* PROBLEM DESCRIPTION *
In the listing that follows, find the line with "SD 0612 GOLD", then copy exactly from it through the line with "Excellent corsage material, upper", leaving out every picture.

* INFORMATION SHOWN *

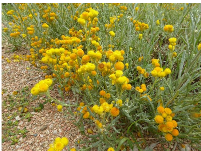
Chrysocephalum apiculatum , Common Everlasting. A perennial daisy species that has many forms.
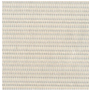
SD 0612 GOLD
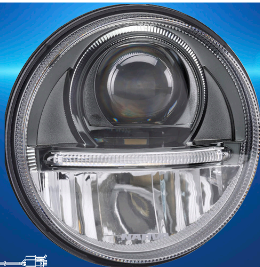
P/No. 72110 – High/Low Beam, DRL and Position Light Functions
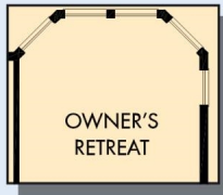
OPTIONAL BAY WINDOW AT OWNER'S RETREAT

2,731 - 2,749 sq. ft. • 4 Bedrooms • 3 Full Baths • 2 Car Garage
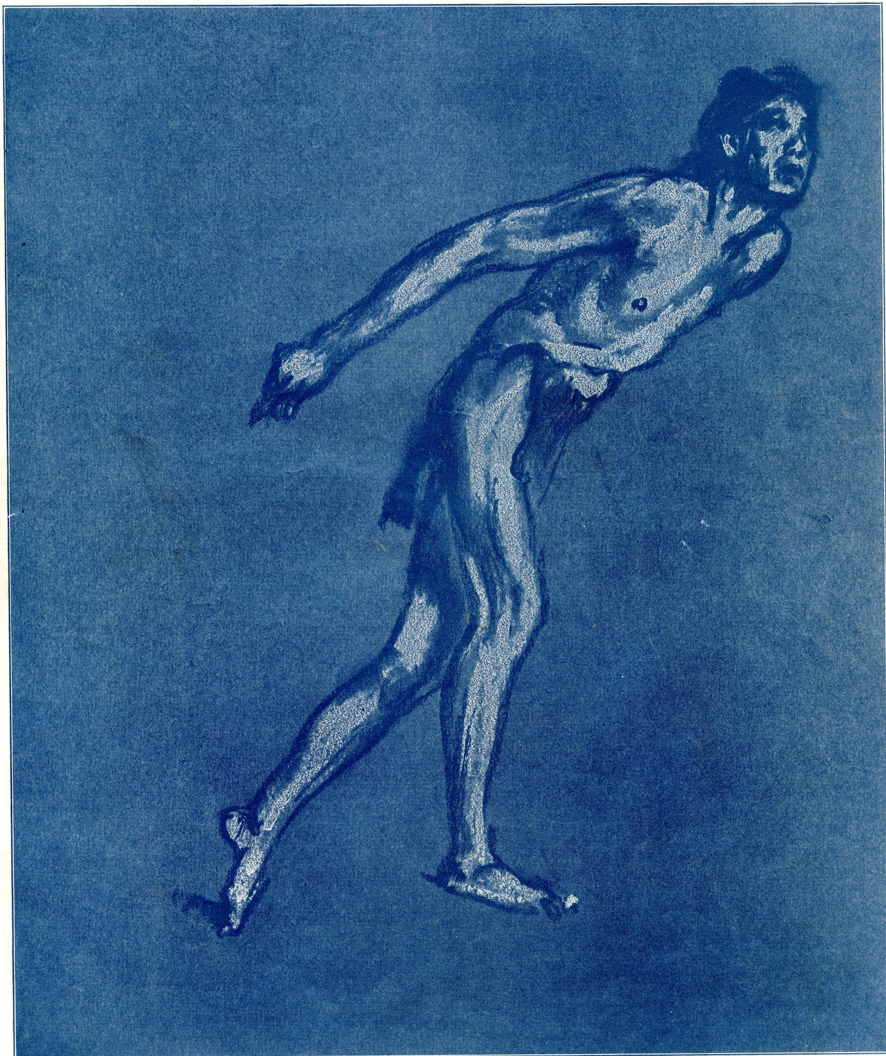
Design by Arthur B. Davies.
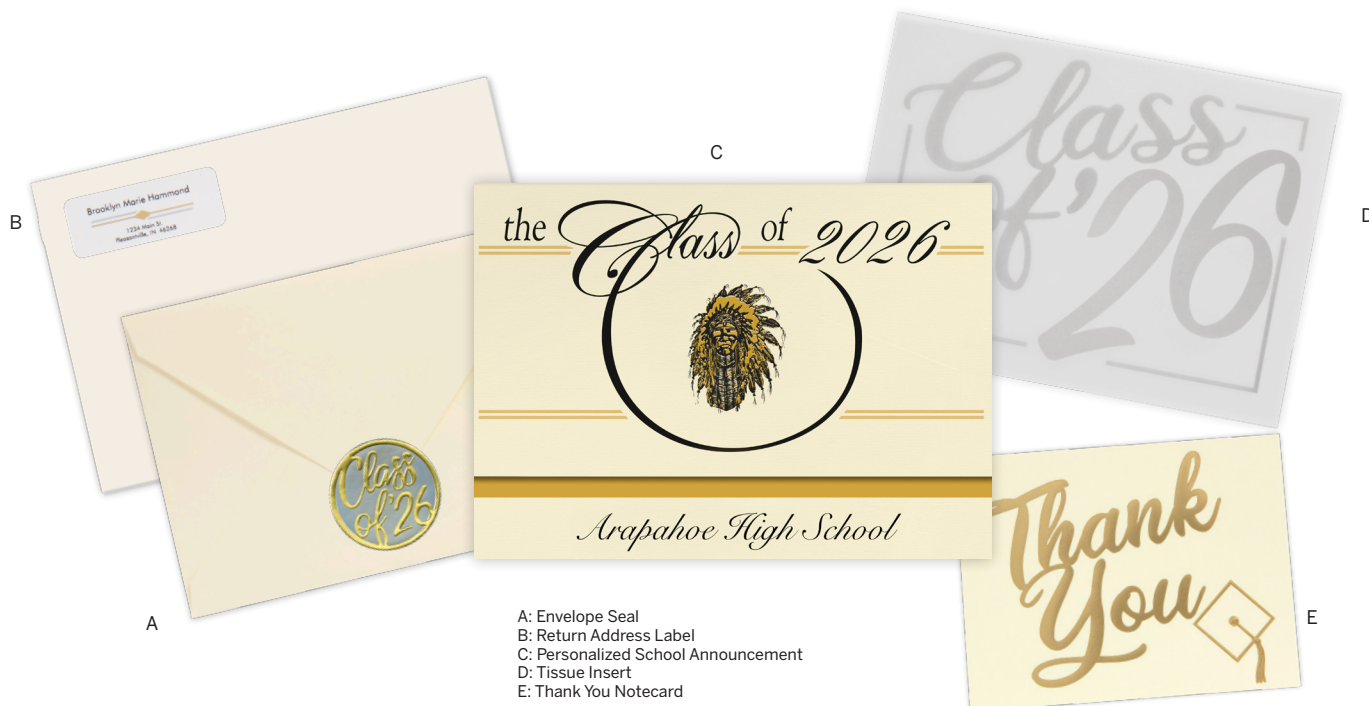
A: Envelope Seal B: Return Address Label C: Personalized School Announcement D: Tissue Insert E: Thank You Notecard
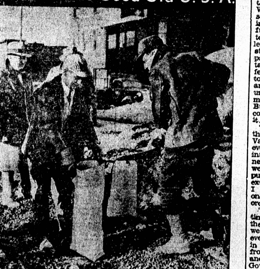
Top photo, showing a Parisian carefully filling a suitcase with his month's supply of coal aroused sympathy for the poor, coalless people of Paris. But folk in Albany, N. Y., are not much better off, judging by lower photo, which shows residents, caught short on fuel due to freight tie-ups, filling paper sacks as they scrape coal dealer's pile to the ground.
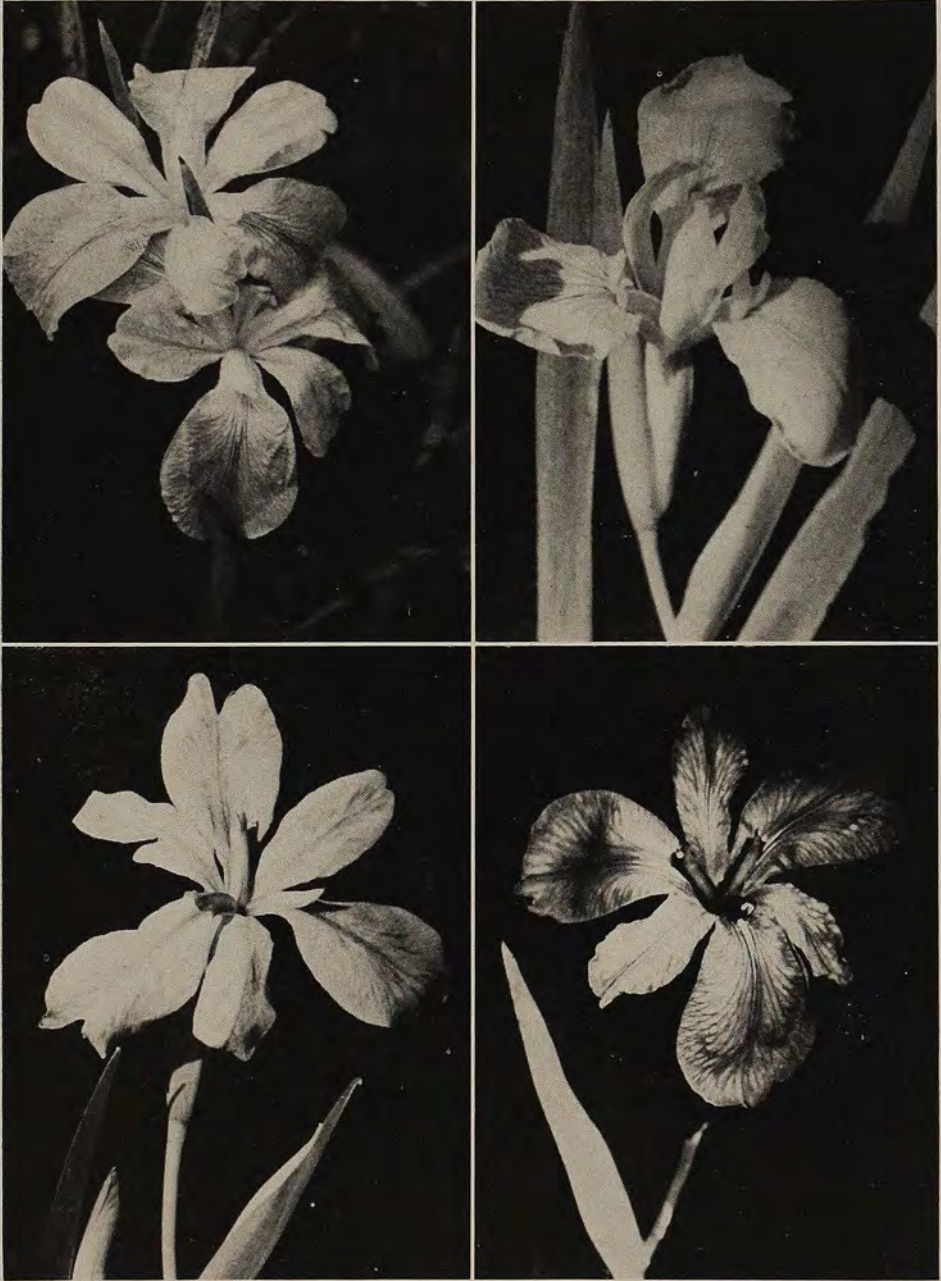
Excellent corsage material, upper left; a fondling probably foliosa-giganticaerulea cross, upper right; an oddity of fulva extraction, lower left; Abbeville red, lower right
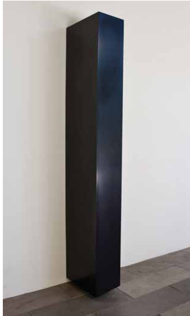
Susan York Tilted Column , 2008

Deborah Hede’s drawings are composed of many layers of charcoal. Starting with the inherent grid laid within the handmade paper she uses, Hede draws a 1-inch square grid over that in pencil. On top of that pale guiding grid, Hede applies as many as 15-20 layers of charcoal, saturating the paper and creating a residue of charcoal dust. She then pushes the dust into patterns that sometimes follow the grid and sometimes work against it. Each drawing is fixed in stages and the resultant pieces are heavy, delicate and fragile. Over time, Hede has introduced color into her drawings, as well as imagery, which includes fragmentary walls, vegetation and arches. She has described
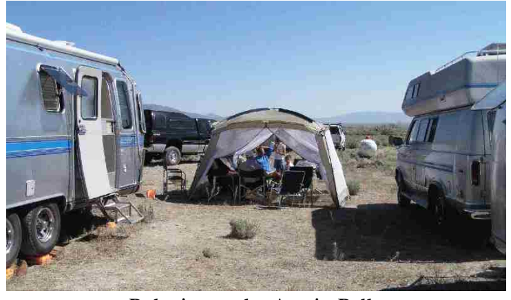
Relaxing at the Austin Rally
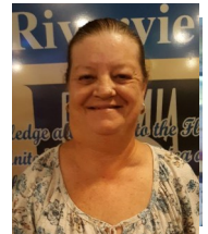
AMERICAN LEGION AUXILIARY OFFICERS 2024-2025
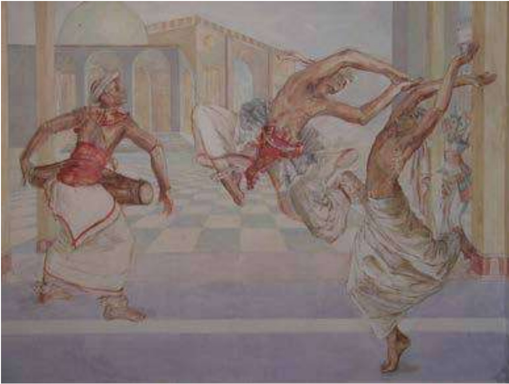
BUDDHIST TEMPLE PROJECT (detail), Kataluwa Temple, Sri Lanka, 2002

* EXPECTED ANSWER *
SD 0612 GOLD
P/No. 72110 – High/Low Beam, DRL and Position Light Functions
OPTIONAL BAY WINDOW AT OWNER'S RETREAT

2,731 - 2,749 sq. ft. • 4 Bedrooms • 3 Full Baths • 2 Car Garage
Design by Arthur B. Davies.
A: Envelope Seal B: Return Address Label C: Personalized School Announcement D: Tissue Insert E: Thank You Notecard
Top photo, showing a Parisian carefully filling a suitcase with his month's supply of coal aroused sympathy for the poor, coalless people of Paris. But folk in Albany, N. Y., are not much better off, judging by lower photo, which shows residents, caught short on fuel due to freight tie-ups, filling paper sacks as they scrape coal dealer's pile to the ground.
Excellent corsage material, upper left; a fondling probably foliosa-giganticaerulea cross, upper right; an oddity of fulva extraction, lower left; Abbeville red, lower right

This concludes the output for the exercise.